[Collected data entries]
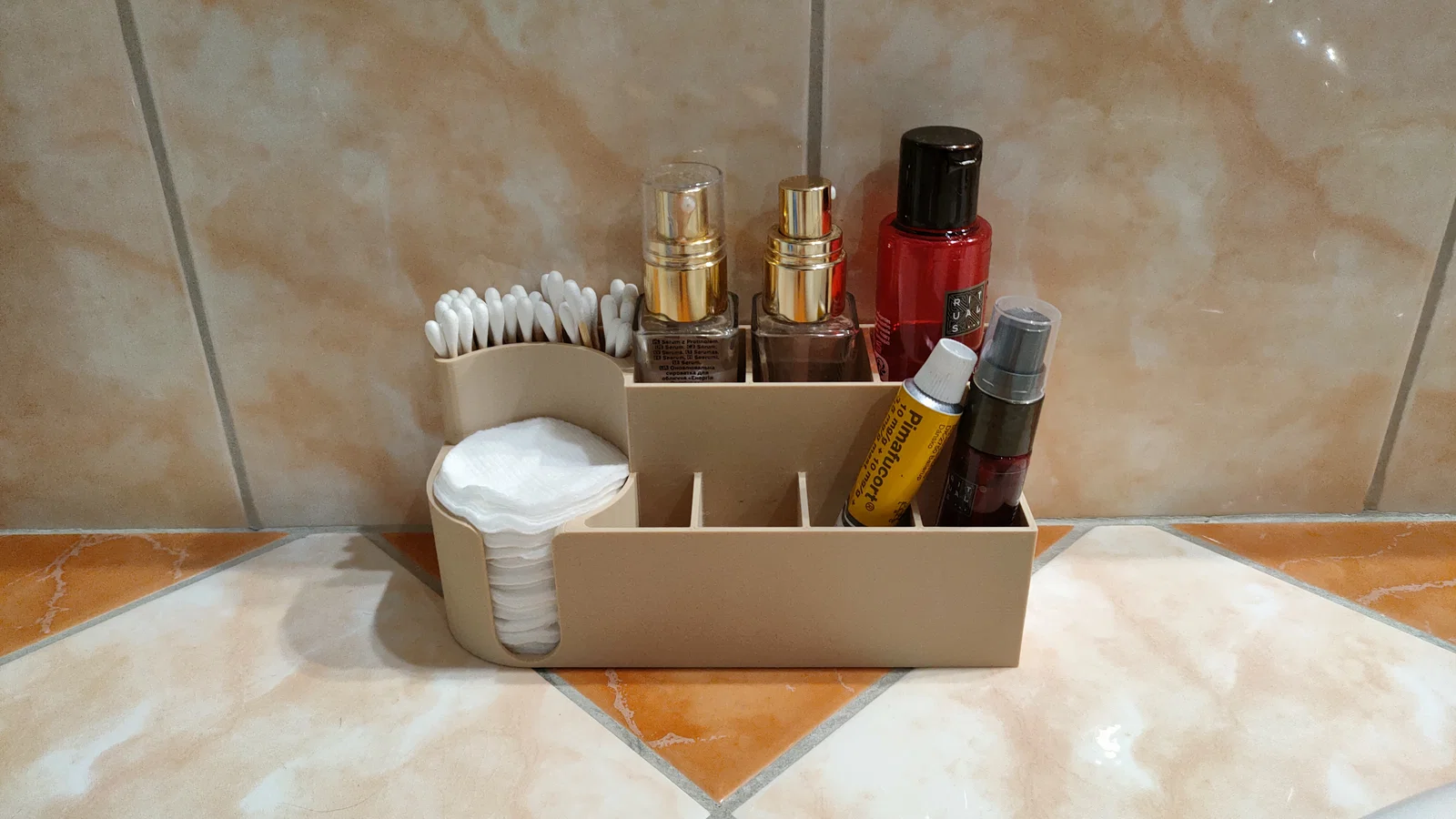 Sản phẩm được tối ưu hóa để có thể in 3D dễ dàng trên các dòng máy nhỏ gọn như Prusa MINI, giúp tiết kiệm không gian bàn làm việc hay kệ phòng tắm. Với thiết kế thông minh, ngăn chứa tròn ở một bên là nơi lý tưởng để đặt chồng bông tẩy trang, trong khi các ngăn vuông và hình chữ nhật còn lại rất thích hợp cho son dưỡng, lọ serum hoặc tăm bông. Bạn có thể đặt nó ngay cạnh gương soi để tận dụng tối đa tiện ích hàng ngày, giúp không gian gọn gàng và thẩm mỹ hơn hẳn.
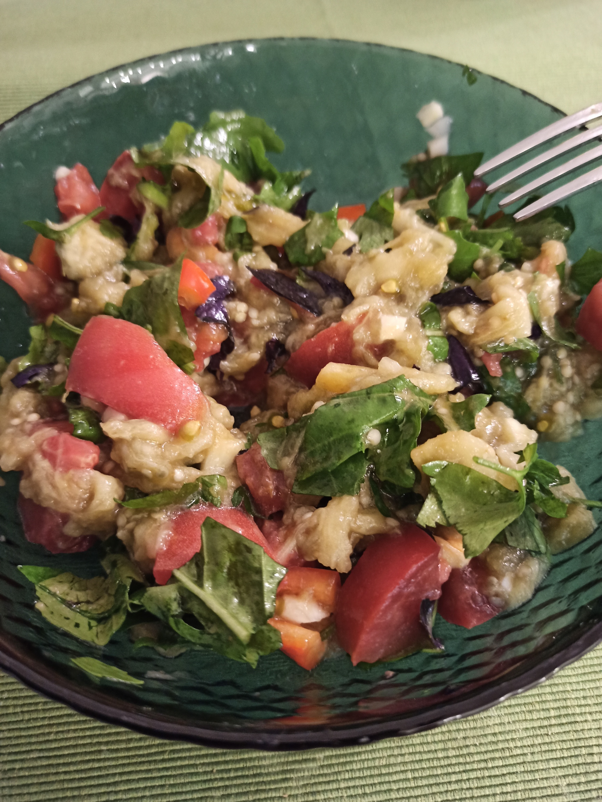 Тут рецептом поделюсь: запеченный баклажан без кожи, чеснок, базилик двух видов (зеленый и фиолетовый), кинза, помидоры, перец и ароматное подсолнечное масло. Да, это даже звучит вкусно!
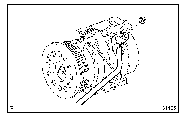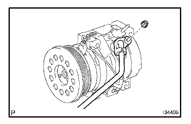 d. Install the suction hose sub-assembly on the compressor and the magnetic clutch with the nut.
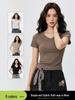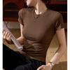 Women's Spring Nude Skin Feeling Lycell Vinyl Fibre Wool V-neck T-shirt Elastic Slim Bottoming Shirt
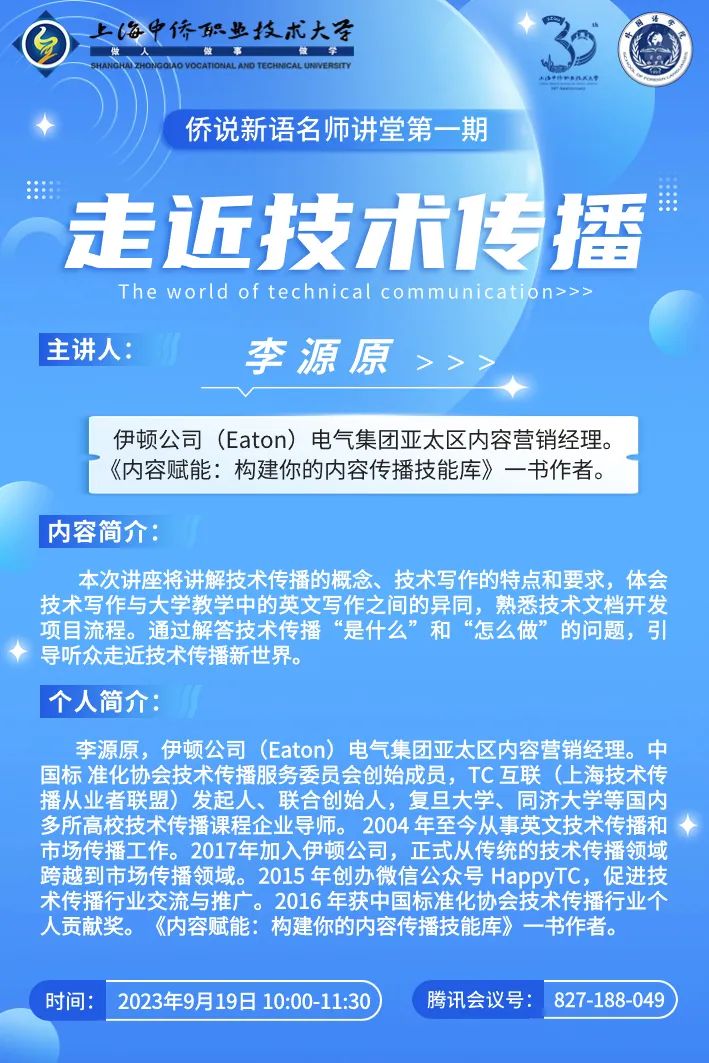 讲座的主讲人李源原先生作为伊顿公司(Eaton)电气集团亚太区内容营销经理,同时也是中国标准化协会技术传播服务委员会创始成员,TC 互联(上海技术传播从业者联盟)发起人、联合创始人,在复旦大学、同济大学等国内多所高校任技术传播课程企业导师。

--- Required work ---
The task calls for all records to be set down precisely, excluding any images.

--- Expected output ---
 Sản phẩm được tối ưu hóa để có thể in 3D dễ dàng trên các dòng máy nhỏ gọn như Prusa MINI, giúp tiết kiệm không gian bàn làm việc hay kệ phòng tắm. Với thiết kế thông minh, ngăn chứa tròn ở một bên là nơi lý tưởng để đặt chồng bông tẩy trang, trong khi các ngăn vuông và hình chữ nhật còn lại rất thích hợp cho son dưỡng, lọ serum hoặc tăm bông. Bạn có thể đặt nó ngay cạnh gương soi để tận dụng tối đa tiện ích hàng ngày, giúp không gian gọn gàng và thẩm mỹ hơn hẳn.
 Тут рецептом поделюсь: запеченный баклажан без кожи, чеснок, базилик двух видов (зеленый и фиолетовый), кинза, помидоры, перец и ароматное подсолнечное масло. Да, это даже звучит вкусно!
 d. Install the suction hose sub-assembly on the compressor and the magnetic clutch with the nut.
 Women's Spring Nude Skin Feeling Lycell Vinyl Fibre Wool V-neck T-shirt Elastic Slim Bottoming Shirt
 讲座的主讲人李源原先生作为伊顿公司(Eaton)电气集团亚太区内容营销经理,同时也是中国标准化协会技术传播服务委员会创始成员,TC 互联(上海技术传播从业者联盟)发起人、联合创始人,在复旦大学、同济大学等国内多所高校任技术传播课程企业导师。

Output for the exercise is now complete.